Mi guía, Charlie Angell, bajó el vidrio de la ventanilla para mostrarme el objetivo, hasta entonces misterioso para mí, de nuestra desviación. Ya me había enseñado los paisajes del río Bravo: los hoodoos, el Closed Canyon y los estrechos vados del río a la altura de Lajitas, donde Cabeza de Vaca pudo haber cruzado ocho años después de iniciada su odisea. Incluso hoy en día, en muchos lugares sobre el río, se puede caminar hasta la orilla y aventar una piedra: irá a dar a algún alfalfar en México.

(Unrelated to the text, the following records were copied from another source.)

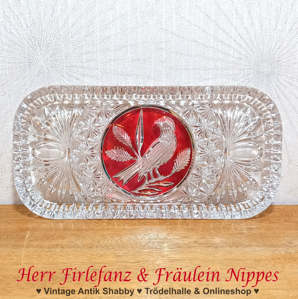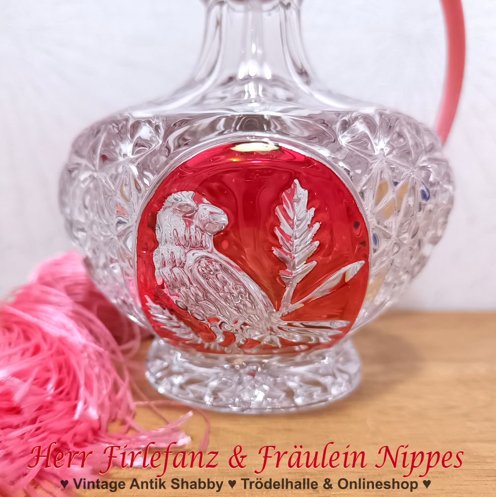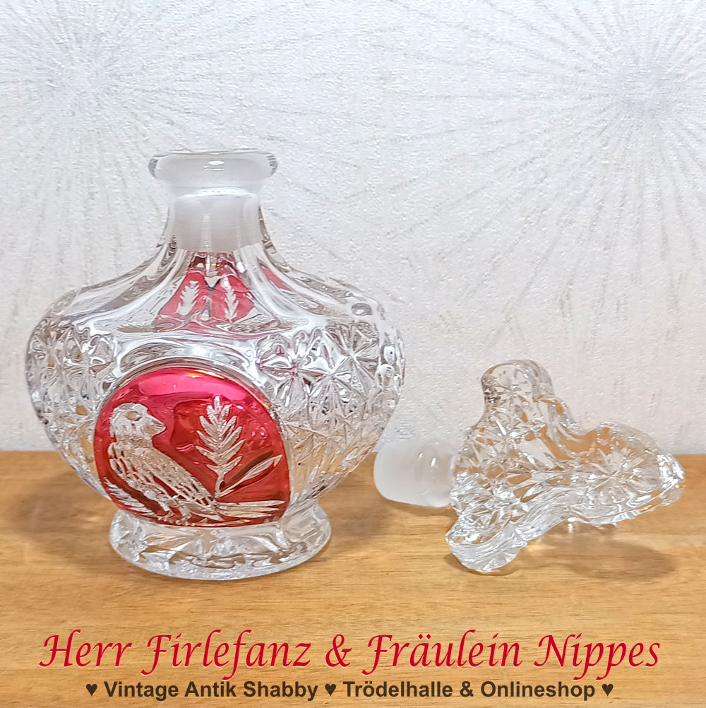 Dieses hübsche Parfüm Set der Firma Hofbauer besteht aus Bleikristall und hat seitlich rote Kartuschen mit einem Vogel (Red Bird).
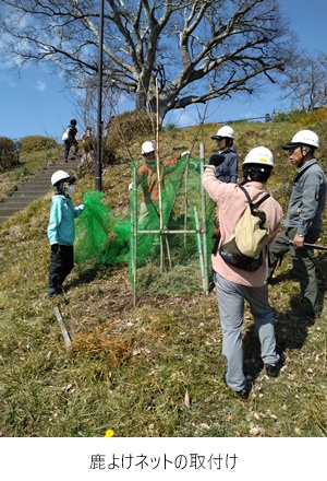 引き続き、植樹した桜を保護するための鹿よけネットを設置し、合計15本の植樹に設置しました。
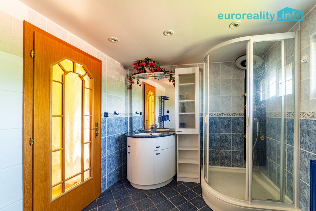 Součástí nemovitosti jsou dvě zachovalé kuchyně s vestavěnými spotřebiči a dvě koupelny vybavené hydromasážní vanou. V přízemí se nachází prostorná společenská místnost s barem, zázemím a krbem, který podtrhuje jedinečnou atmosféru domu.
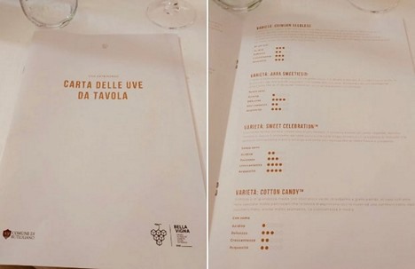 "Sulla carta sono elencate 20 varietà di uve, sia quelle senza semi sia quelle con semi, tra le più note sui mercati italiani ed esteri. Un'idea che potrebbe essere copiata anche nei punti vendita della Gdo. Sarebbe fantastico, infatti, se nel reparto ortofrutta ci fosse la carta delle uve da tavola: un modo per guidare il consumatore finale verso l'acquisto del prodotto che più si addice ai suoi gusti. Potrebbe diventare, dunque, uno strumento in più nelle mani dei consumatori, sempre più disorientati a causa della molteplicità di uve disponibili in vendita".
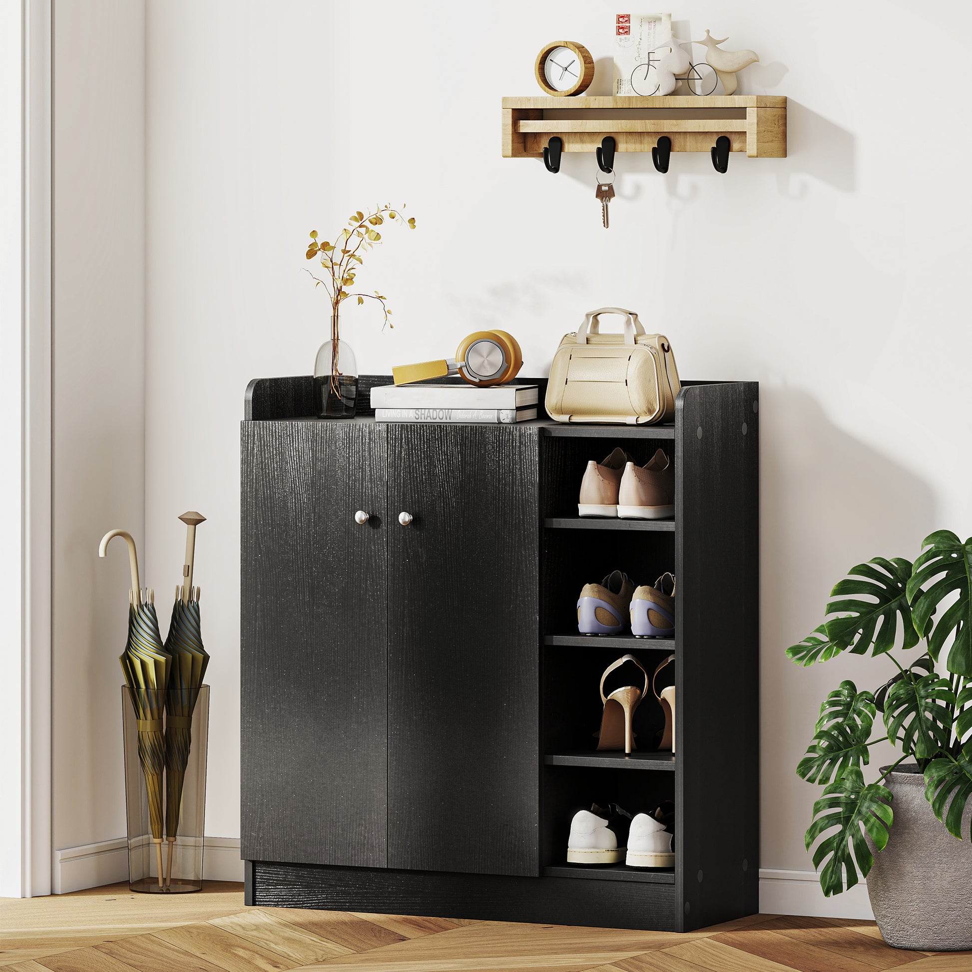 HOMCOM Shoe Storage Cabinet with Adjustable Shelves - Black
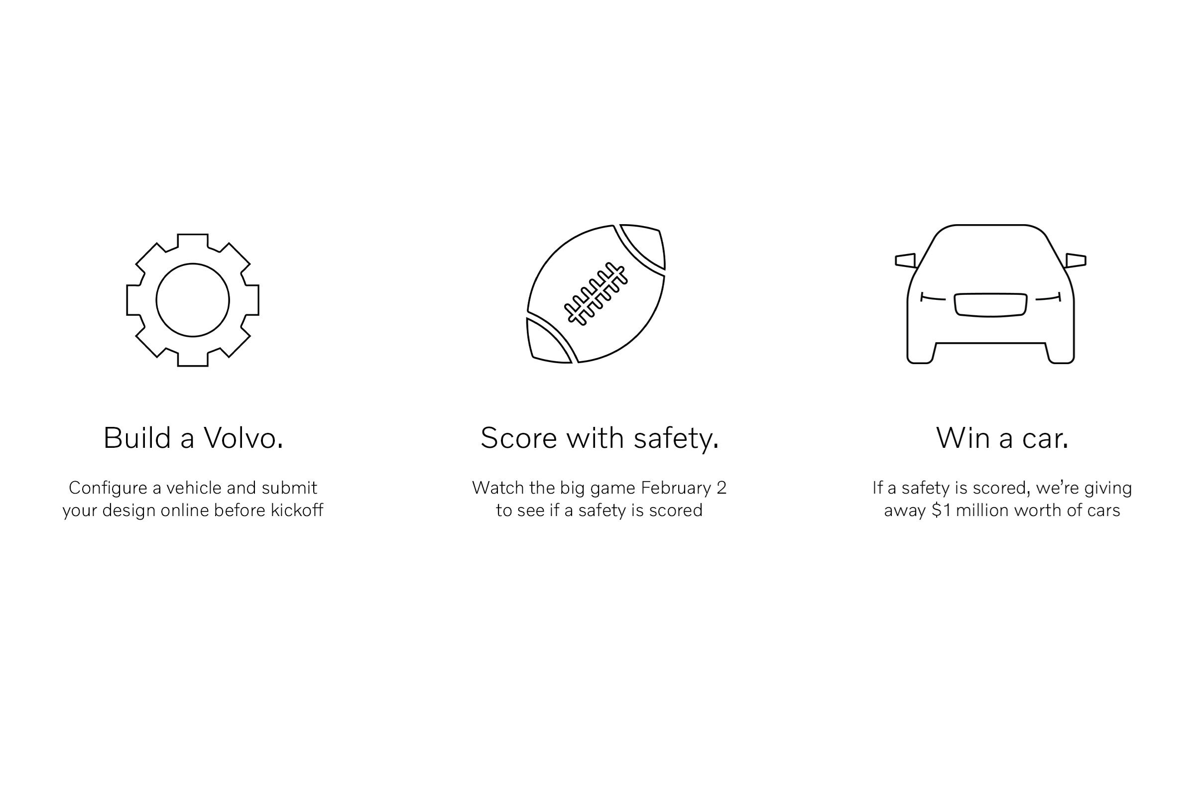After that, watch for a safety on game day, and should one occur, Volvo will award $1 million in cars to randomly selected entrants. Full rules, terms and conditions can be found at volvosafetysunday.com.
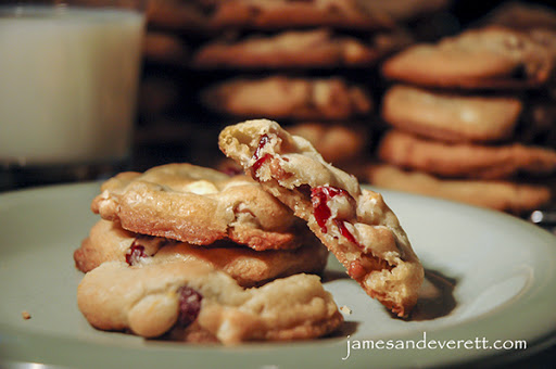 Morsels of white chocolate, dried cranberries, and chinks of pecan combine to make this utterly amazing cookie.
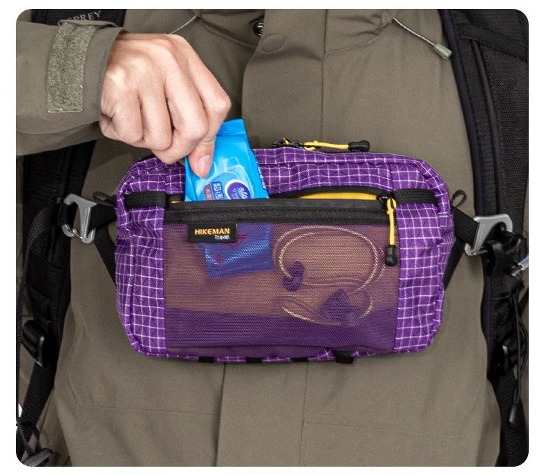 Часто у рюкзаков для активного отдыха не хватает карманов или небольших отделов для быстрого доступа к важной мелочи, для решения этой проблемы предлагаем органайзер HIKEMAN, данную сумку можно прикрепить на рюкзак с сзади, или спереди на лямки, также с помощи можно закрепить на поясные ремни рюкзака. У органайзера имеется наружный сетчатый карман, и основной отсек, также имеются множество лямок для крепления фонарика, очков и другой мелочи.
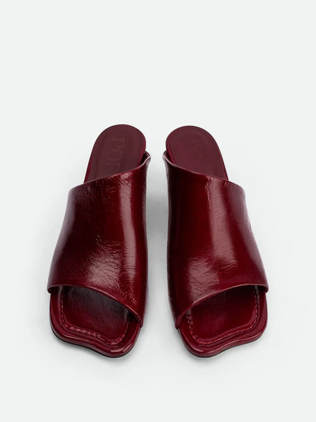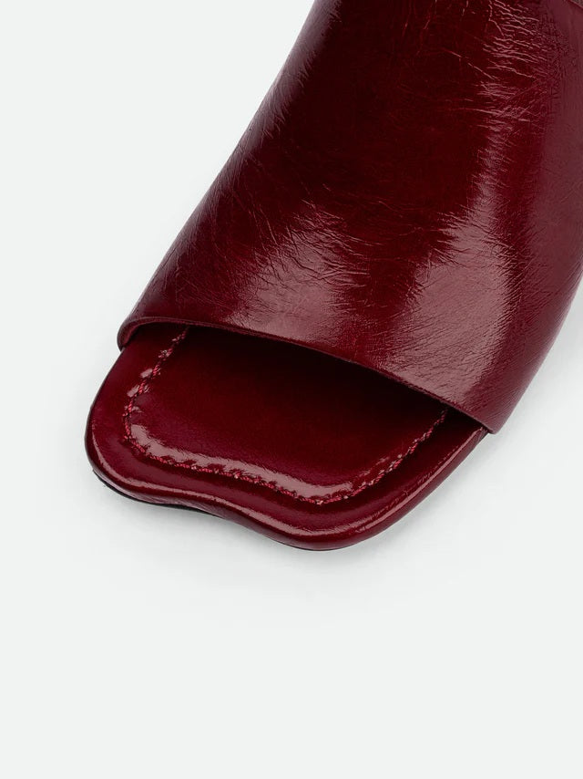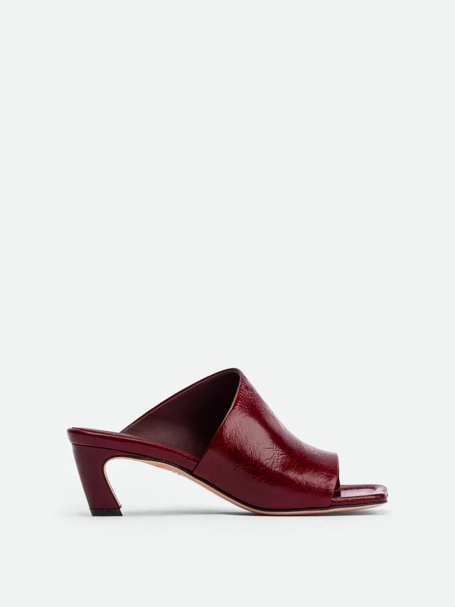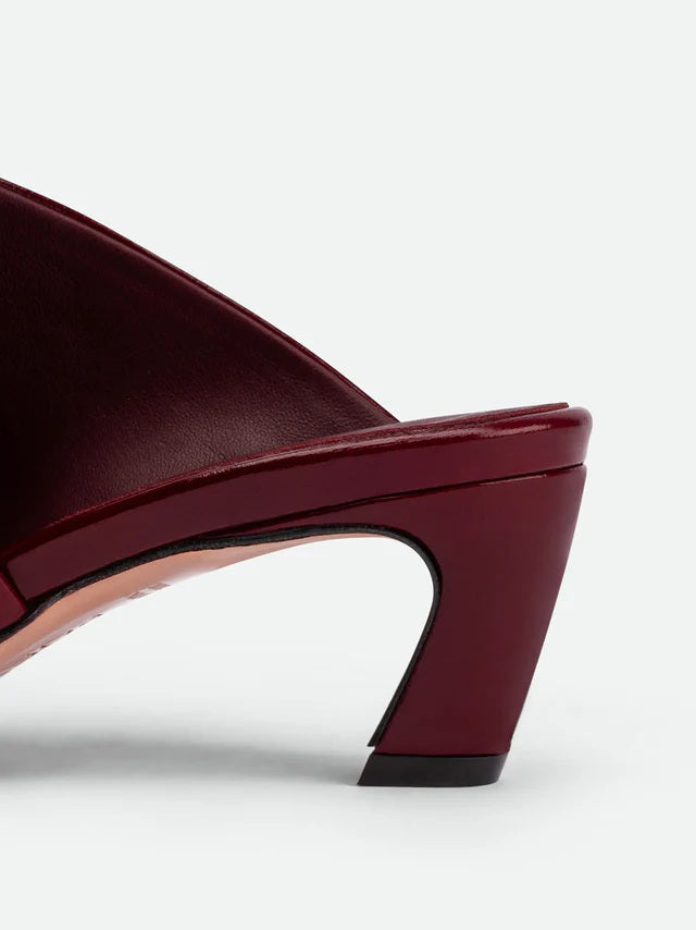 Le mules Mavis, realizzate in morbida pelle verniciata stropicciata color ciliegia scuro, presentano una punta dalla forma unica, una tomaia asimmetrica e un elegante tacco scolpito di 55 mm. Una scarpa ideale per impreziosire sia i look casual che quelli da sera.
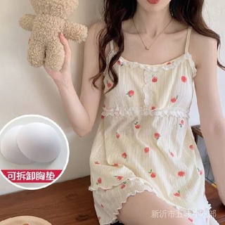 Đầm Ngủ Hai Dây Có Mút Đệm Ngực Dễ Thương Phong Cách Hàn Quốc Thời Trang Mùa Hè Cho Nữ

Subiendo por el camino de Casa Piedra, no habíamos visto ni un alma. Apenas y vislumbramos un conejo de monte. Charlie ya estaba dando la vuelta en U para volver a Presidio.

–Es egipcia –dijo.

Esto, en una tierra donde el estilo imperante era lo que yo había llegado a considerar Ye olde cowboys & indians, me cayó con el efecto de un rayo. Bueno, ¿de qué se trataba? ¿De una diversión en Disneylandia? ¿Adoraría a Isis esa mujer? Llegando a casa la busqué en Google.

Simone Swan, según esto, era una visionaria del adobe con una carrera exitosa en el campo del arte, que incluía un trabajo de muchos años en la Fundación Menil, de Houston. Su casa no era exactamente egipcia ni un capricho, sino una obra en proceso usada por su propia Adobe Alliance, una organización sin fines de lucro dedicada a la enseñanza del diseño y la construcción con tierra comprimida. ¿Y la influencia egipcia? Hassan Fathy.

Un conocido mío, egipcio, se apresuró a corregirme: Fathy no se pronuncia como lo pronunciaríamos en inglés, sino en todo caso como en español: Fa-ti.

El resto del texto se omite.